▸ Task item
If a record holds a picture, leave the picture out; return everything else exactly.
------------------------
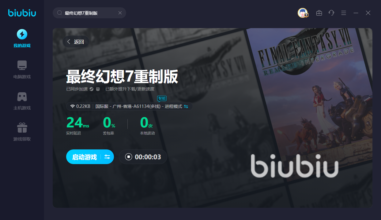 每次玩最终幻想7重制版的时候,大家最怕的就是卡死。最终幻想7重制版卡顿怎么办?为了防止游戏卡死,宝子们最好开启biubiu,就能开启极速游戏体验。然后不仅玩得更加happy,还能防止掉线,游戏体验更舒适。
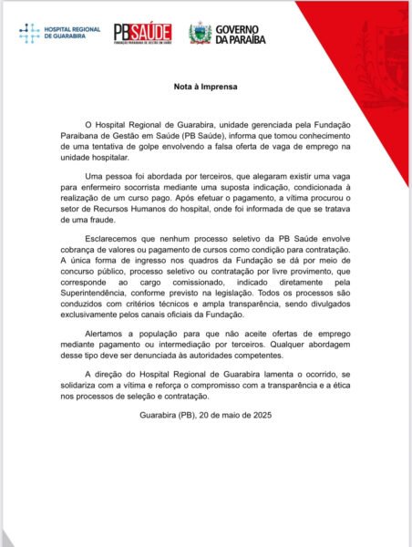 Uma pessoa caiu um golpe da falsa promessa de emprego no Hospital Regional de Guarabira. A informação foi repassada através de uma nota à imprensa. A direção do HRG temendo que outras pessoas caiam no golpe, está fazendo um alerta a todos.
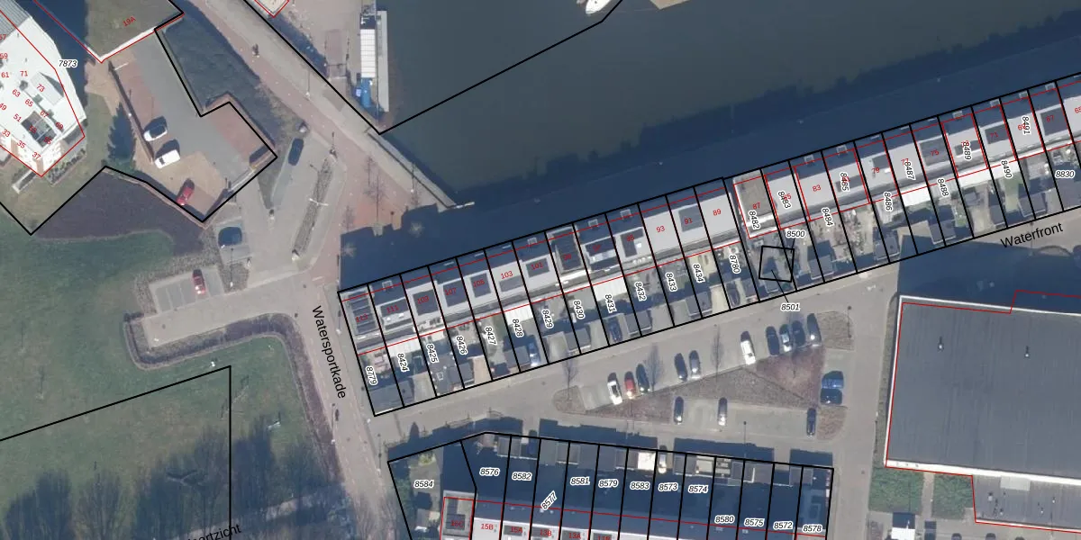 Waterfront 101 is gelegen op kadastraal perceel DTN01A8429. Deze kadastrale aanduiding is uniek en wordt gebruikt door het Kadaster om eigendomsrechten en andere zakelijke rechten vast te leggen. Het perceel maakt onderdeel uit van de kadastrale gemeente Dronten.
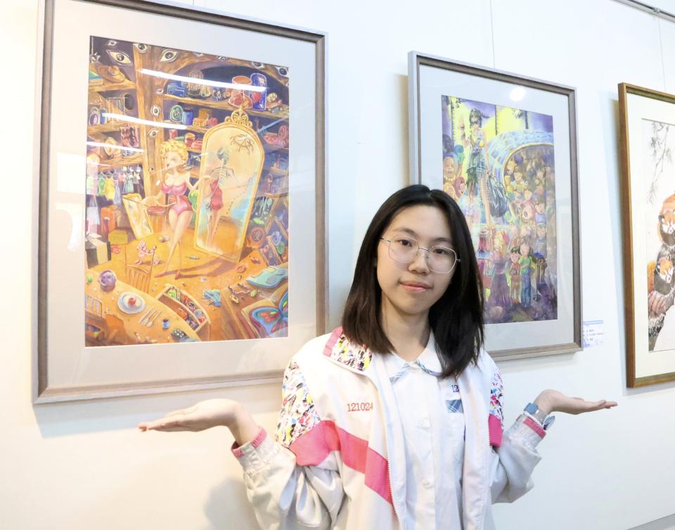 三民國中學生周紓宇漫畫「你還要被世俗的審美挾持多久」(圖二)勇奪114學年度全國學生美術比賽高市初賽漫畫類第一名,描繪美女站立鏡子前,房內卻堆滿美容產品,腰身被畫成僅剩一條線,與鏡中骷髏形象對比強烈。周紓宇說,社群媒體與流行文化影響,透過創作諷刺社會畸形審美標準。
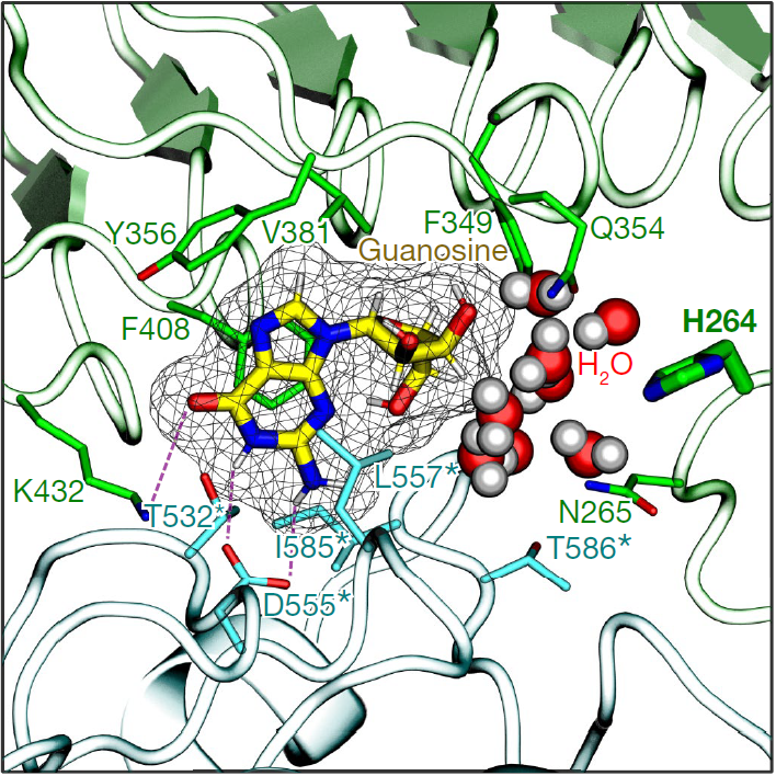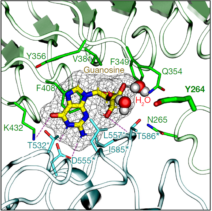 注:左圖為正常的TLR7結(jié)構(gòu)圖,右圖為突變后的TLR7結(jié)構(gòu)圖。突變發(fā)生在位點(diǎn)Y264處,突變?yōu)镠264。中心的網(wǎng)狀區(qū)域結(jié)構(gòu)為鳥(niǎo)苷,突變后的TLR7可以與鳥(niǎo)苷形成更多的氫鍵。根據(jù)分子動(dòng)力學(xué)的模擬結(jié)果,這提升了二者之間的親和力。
------------------------
▸ Solution for this exercise
 每次玩最终幻想7重制版的时候,大家最怕的就是卡死。最终幻想7重制版卡顿怎么办?为了防止游戏卡死,宝子们最好开启biubiu,就能开启极速游戏体验。然后不仅玩得更加happy,还能防止掉线,游戏体验更舒适。
 Uma pessoa caiu um golpe da falsa promessa de emprego no Hospital Regional de Guarabira. A informação foi repassada através de uma nota à imprensa. A direção do HRG temendo que outras pessoas caiam no golpe, está fazendo um alerta a todos.
 Waterfront 101 is gelegen op kadastraal perceel DTN01A8429. Deze kadastrale aanduiding is uniek en wordt gebruikt door het Kadaster om eigendomsrechten en andere zakelijke rechten vast te leggen. Het perceel maakt onderdeel uit van de kadastrale gemeente Dronten.
 三民國中學生周紓宇漫畫「你還要被世俗的審美挾持多久」(圖二)勇奪114學年度全國學生美術比賽高市初賽漫畫類第一名,描繪美女站立鏡子前,房內卻堆滿美容產品,腰身被畫成僅剩一條線,與鏡中骷髏形象對比強烈。周紓宇說,社群媒體與流行文化影響,透過創作諷刺社會畸形審美標準。
 注:左圖為正常的TLR7結(jié)構(gòu)圖,右圖為突變后的TLR7結(jié)構(gòu)圖。突變發(fā)生在位點(diǎn)Y264處,突變?yōu)镠264。中心的網(wǎng)狀區(qū)域結(jié)構(gòu)為鳥(niǎo)苷,突變后的TLR7可以與鳥(niǎo)苷形成更多的氫鍵。根據(jù)分子動(dòng)力學(xué)的模擬結(jié)果,這提升了二者之間的親和力。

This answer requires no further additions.